Ludwig v. Schaub

Decision Date10 July 2014
Docket NumberCase No. 12-C-0524
PartiesDAWN M. LUDWIG, Petitioner, v. DEANNE SCHAUB, Warden Taycheedah Correctional Institution, Respondent,
CourtU.S. District Court — Eastern District of Wisconsin
DECISION AND ORDER

On May 24, 2012, pro se petitioner, Dawn M. Ludwig, filed a petition for a writ of habeas corpus pursuant to 28 U.S.C. § 2254. Based on her no contest plea, the petitioner was convicted of two counts of homicide by reckless use of a vehicle, three counts of first-degree recklessly endangering safety and one count of operating a motor verhicle while intoxicated (third offense). The petitioner challenges her December 5, 2007, conviction on two grounds: 1) Wis. Stat. §940.09 is unconstitutional and 2) her trial counsel was ineffective for failing to advise her that a medical condition she had might constitute an affirmative defense to the homicide charges and for failing to conduct an accident reconstruction.1 (Petition for a Writ of Habeas Corpus [Petition] at 7-8).

The court has jurisdiction over this action pursuant to 28 U.S.C. § 1331 because the matter arises under federal statutes. Venue is proper under 28 U.S.C. § 1391. The case was assigned to this court based on the consent of the parties pursuant to 28 U.S.C. § 636(c) and General Local Rule 73 (E.D. Wis.).

United States District Court Judge Rudolph T. Randa conducted a preliminary examination of the petition in accordance with Rule 4 of the Rules Governing § 2254 Cases and ordered the respondent to "file an answer or other appropriate response to the petition within sixty (60) days of the date of this Order." (Decision and Order of August 7, 2012). The respondent filed an answer on February 6, 2013. The petition, which is fully briefed and ready for disposition, will be addressed herein. Also before the court are the petitioner's Motions to Schedule a Sentence Hearing Regarding the Court's Ruling in the case. (Docket ## 30, 31, 32, 34 and 36).

APPLICABLE LAW

The habeas corpus statute was amended by the Antiterrorism and Effective Death Penalty Act (AEDPA), Pub.L. No. 104-132, 100 Stat. 1214 (1996) which provides in pertinent part:

An application for a writ of habeas corpus on behalf of a person in custody pursuant to the judgment of a State court shall not be granted with respect to any claim that was adjudicated on the merits in State court proceedings unless the adjudication of the claim-
(1) resulted in a decision that was contrary to, or involved an unreasonable application of, clearly established Federal law, as determined by the Supreme Court of the United States; or
(2) resulted in a decision that was based on an unreasonable determination of the facts in light of the evidence presented in the State court proceeding.

28 U.S.C. § 2254(d).

This provision entitles federal courts, acting within their jurisdiction, to interpret the law independently, but requires them to refrain from "fine tuning" state court interpretations. Lindh v. Murphy, 96 F.3d 856, 870-877 (7th Cir. 1996), rev'd on other grounds, 521 U.S. 320 (1997). "Thus, although this court reviews the state court's legal conclusions and mixed questions of law and fact de novo, that review is 'tempered by AEDPA's deferential constraints.'" Hereford v. McCaughtry, 101 F. Supp. 2d 742, 746 (E.D. Wis. 2000) (quoting Sanchez v. Gilmore, 189 F.3d 619, 623 [7th Cir. 1999]).

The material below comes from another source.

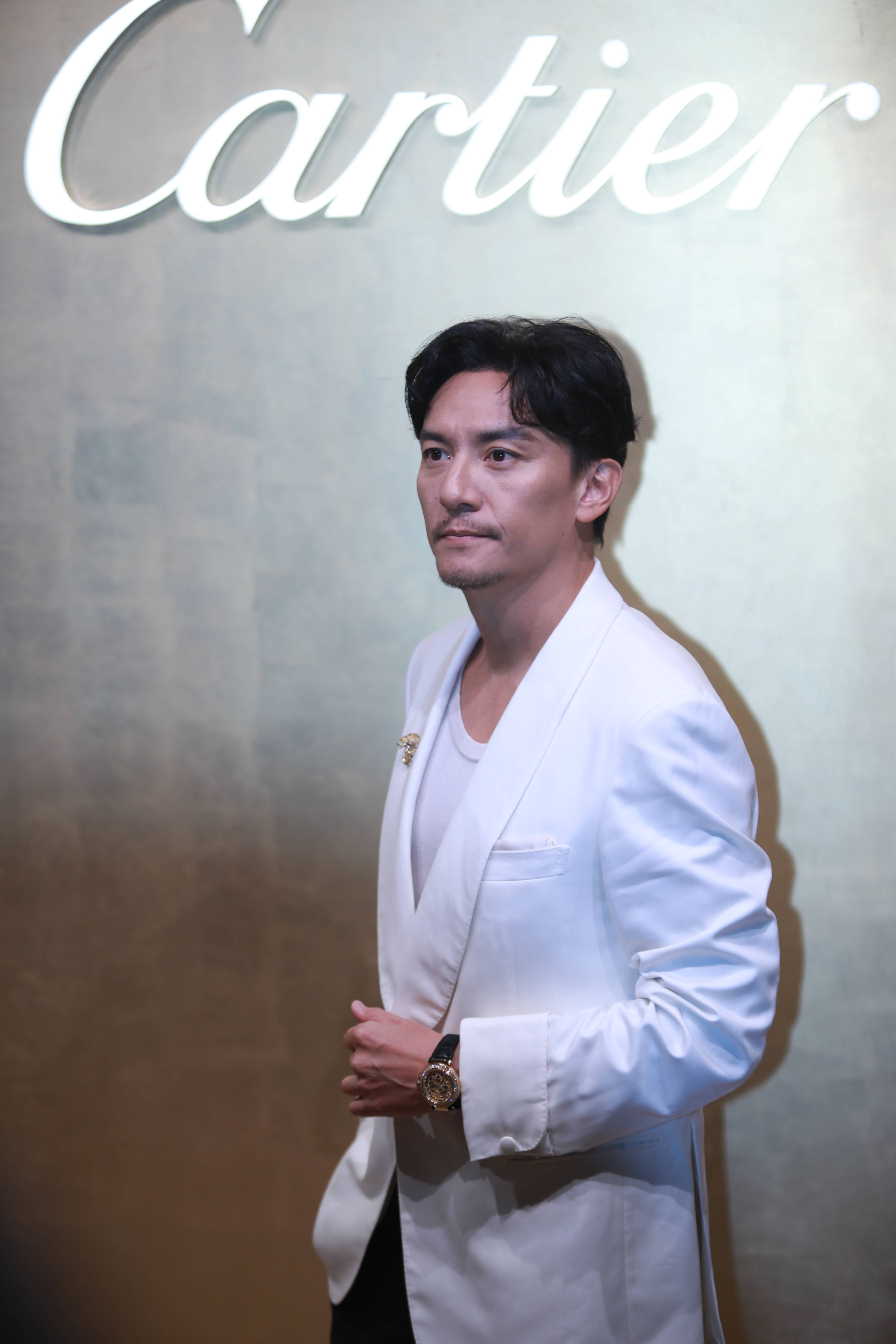 张震一身白色西服,实力演绎“法拉利老了还是法拉利”。

A state court's decision is "contrary to . . . clearly established Federal law as established by the United States Supreme Court" if it is "substantially different from relevant [ Supreme Court] precedent." Washington v. Smith, 219 F.3d 620, 628 (7th Cir. 2000) (quoting Williams v. Taylor, 529 U.S. 362, 404-05 [2000]). The court of appeals for this circuit recognized the narrow application of the "contrary to" clause:

under the "contrary to" clause of § 2254(d)(1), [a court] could grant a writ of habeas corpus . . . where the state court applied a rule that contradicts the governing law as expounded in Supreme Court cases or where the state court confronts facts materially indistinguishable from a Supreme Court case and nevertheless arrives at a different result.

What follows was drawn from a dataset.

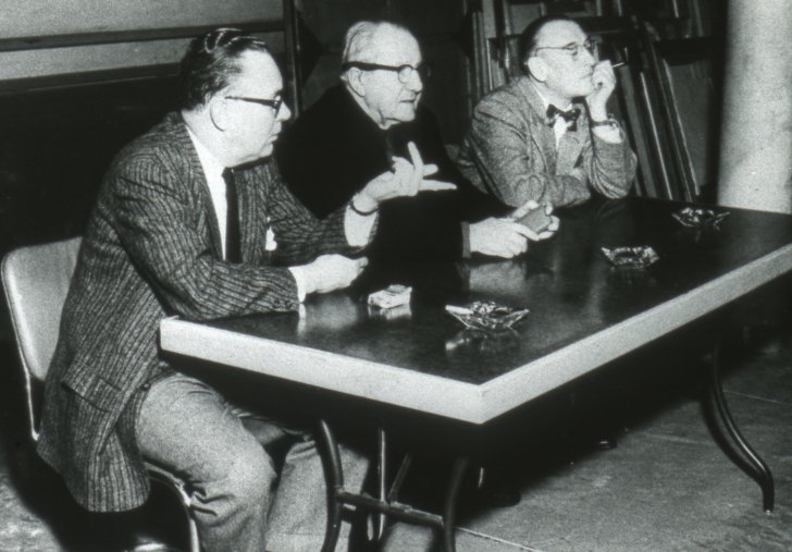 Worchester Art Museum Director Daniel Catton Rich, artist Hans Hoffman, and artist Zoltan L. Sepeshy select artworks for inclusion in the In Western New York 1959 exhibition on February 4, 1959. Image courtesy of the Albright-Knox Art Gallery Digital Assets Collection and Archives, Buffalo, New York.

Washington, 219 F.3d at 628. The court went on to explain that the "unreasonable application of" clause was broader and "allows a federal habeas court to grant habeas relief whenever the state court 'unreasonably applie[d] [a clearly established] principle to the facts of the prisoner's case.'" Id. (quoting Williams, 529 U.S. at 413).

To be unreasonable, a state court ruling must be more than simply "erroneous" and perhaps more than "clearly erroneous." Hennon v. Cooper, 109 F.3d 330, 334 (7th Cir. 1997). Under the "unreasonableness" standard, a state court's decision will stand "ifit is one of several equally plausible outcomes." Hall v. Washington, 106 F.3d 742, 748-49 (7th Cir. 1997). In Morgan v. Krenke, the court explained:

Unreasonableness is judged by an objective standard, and under the "unreasonable application" clause, "a federal habeas court may not issue the writ simply because that court concludes in its independent judgment that the relevant state court decision applied clearly established federal law erroneously or incorrectly. Rather, that application must also be unreasonable."

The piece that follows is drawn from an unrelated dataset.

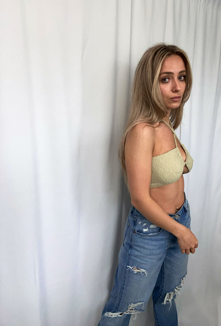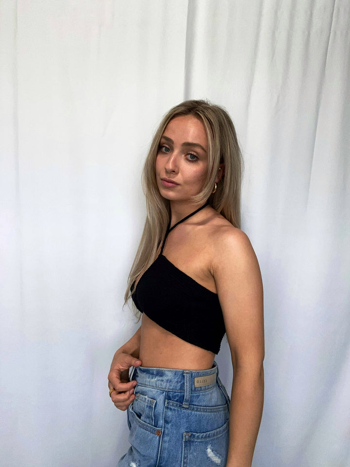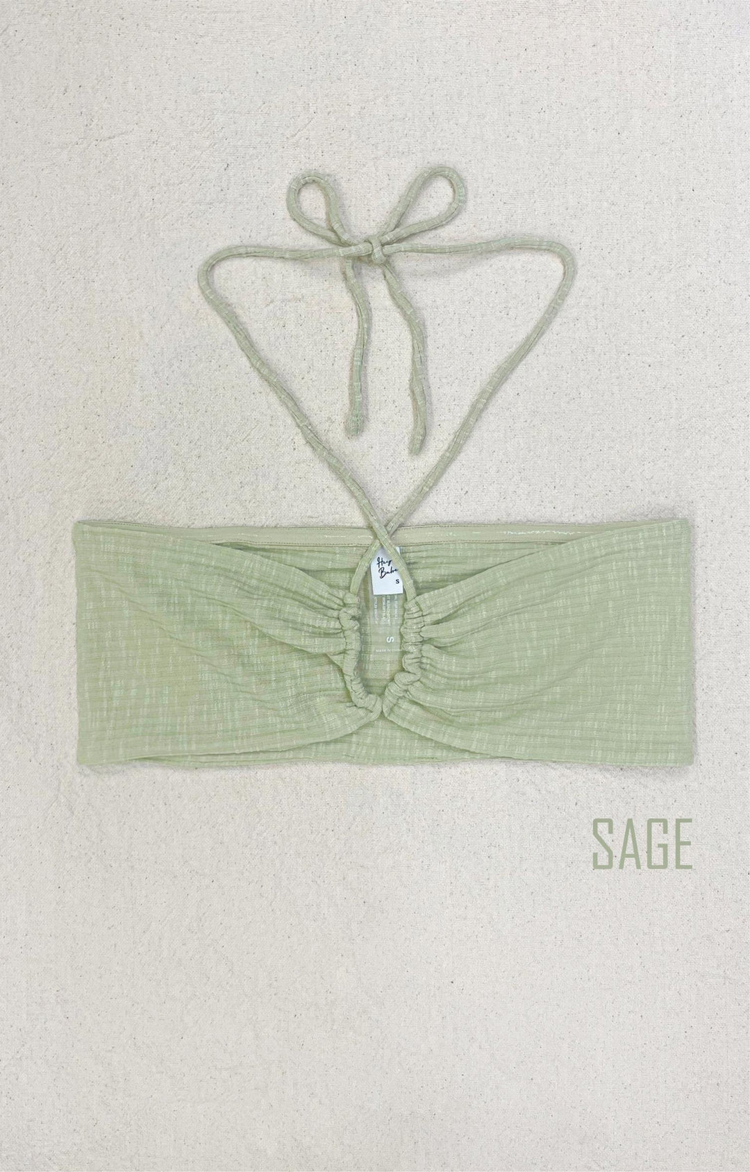 Model is 5'0 34C wearing a small in black and a medium in sage

232 F.3d 562, 565-66 (7th Cir. 2000) (quoting Williams, 529 U.S. at 411). Therefore, before a court may issue a writ of habeas corpus, it must determine that the state court decision was both incorrect and unreasonable. Washington, 219 F.3d at 628.

RELEVANT FACTUAL BACKGROUND

The underlying crimes took place on U.S. Highway 41 in Wisconsin. The relevant facts were set forth by the Wisconsin Court of Appeals in its August 31, 2010, decision:

In the early morning hours of June 25, 2006, Ludwig's motor vehicle was traveling southbound in the northbound lane of United States Highway 41. Another motorist honked his horn at Ludwig in attempt to get her attention, but Ludwig continued driving the wrong way without deviating or changing direction. Minutes later, Ludwig collided head-on with a vehicle traveling northbound, killing the two occupants of that vehicle.
At the accident scene, sergeant Nathan Thompson noted that Ludwig's speech was "slurred" and "thick-tongued" and that she had difficulty controlling her fine motor skills. Ludwig told Officer Zachary Roush that she had consumed a few drinks before the accident. Officer Ryan Glime observed that Ludwig's eyes were red and her breath smelled of alcohol. A preliminary breath test indicated Ludwig has a .20% blood alcohol concentration.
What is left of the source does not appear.